The night wasn’t especially good. We drove around all night, Raul and Rider and I. We were looking for a certain car. We were going to rob the guy who owned the car. But we didn’t ever find him. We went to his house.
Rider said, “He’s not here.”
Raul said, “Are you sure this is his house?”
Rider said, “I’m positive.”
But he said it like he wasn’t positive.r />
Rider had a scar, a crescent that traced the left side of his face. It wasn’t from an accident; someone had cut him. I bought heroin from Rider when there was nothing else. Rider was bad news. He had asked me if I could kill somebody for him. He needed me to kill somebody because he owed a lot of money and it was the best way to clear his debt. Rider was in trouble. He didn’t tell me that part. He just said I’d make 10 racks if I killed this guy. Anyway I’d said no.
Rider was full of shit. He was the type who’d lie to you about what time of day it was and for no reason. He was the type to get people into fucked-up situations and hope that they’d perform miracles for him. Rider didn’t ever carry his own weight. But he was Raul’s boy. And Raul would believe him, like he’d believed him about this car.

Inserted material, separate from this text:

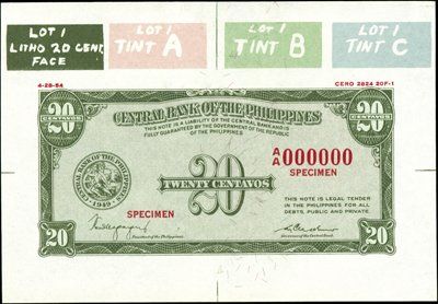 ND 1949. P-129 Unlisted Trial Color. 20 Centavos. Proof. Front & back trial color proofs of design. Top margin has color registration bars. Olive green on light green undertint. Dated 4-28-54. Printed on banknote paper. Paper clip mark on top of front banknote. SBNC. AU.
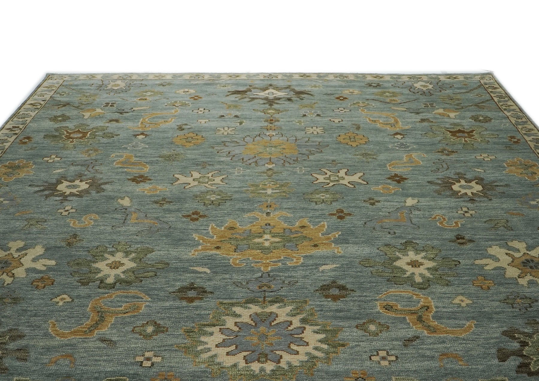 Add tranquility to your space with this stunning hand-knotted Oushak rug, featuring a serene sky blue field adorned with medallions, florals, and organic motifs. Crafted from premium wool on a robust cotton foundation, this rug’s design is a harmonious mix of cool blue, warm golden yellow, creamy beige, subtle green, and rich brown accents, creating a layered, inviting look. The soft beige border, accented with repeating floral and geometric motifs, frames the composition with gentle definition, enhancing the rug’s airy elegance. The transitional style effortlessly adapts to both modern and traditional interiors, offering a blend of calming colors and timeless charm. The luxurious wool pile provides unmatched comfort and durability, making this rug a true investment for your home.

Eventually I got tired of it.
I said to Raul, “This probably isn’t happening.”
Raul said, “This is some bullshit.”
Rider said, “Man, this nigga’s got at least a hundred racks.”
But we were done listening to Rider.
We dropped Rider off. I was burned out and I felt like shit. I hated the way I felt.
I said to Raul, “What about the other thing? I can definitely do that.”
He said, “Yeah. Let’s do that.”
I said, “All you have to do is drive. I’ll do all the work.”
He said okay.
It was a quarter to six in the morning and I was about to be sick. I had no heroin and I had no money and I owed Raul $600. He didn’t want to front me anymore.
I said, “You know I can’t do shit if I’m sick.”
He had me take him to a trap house. He came out with a gram. He said that was it though. I dropped him off at his girl’s house. I said I’d call him in the afternoon. Then I went home. It was a quarter to seven. Snow was on the ground. It was old snow, dirty and iced over. Sometimes I’d forget what month it was.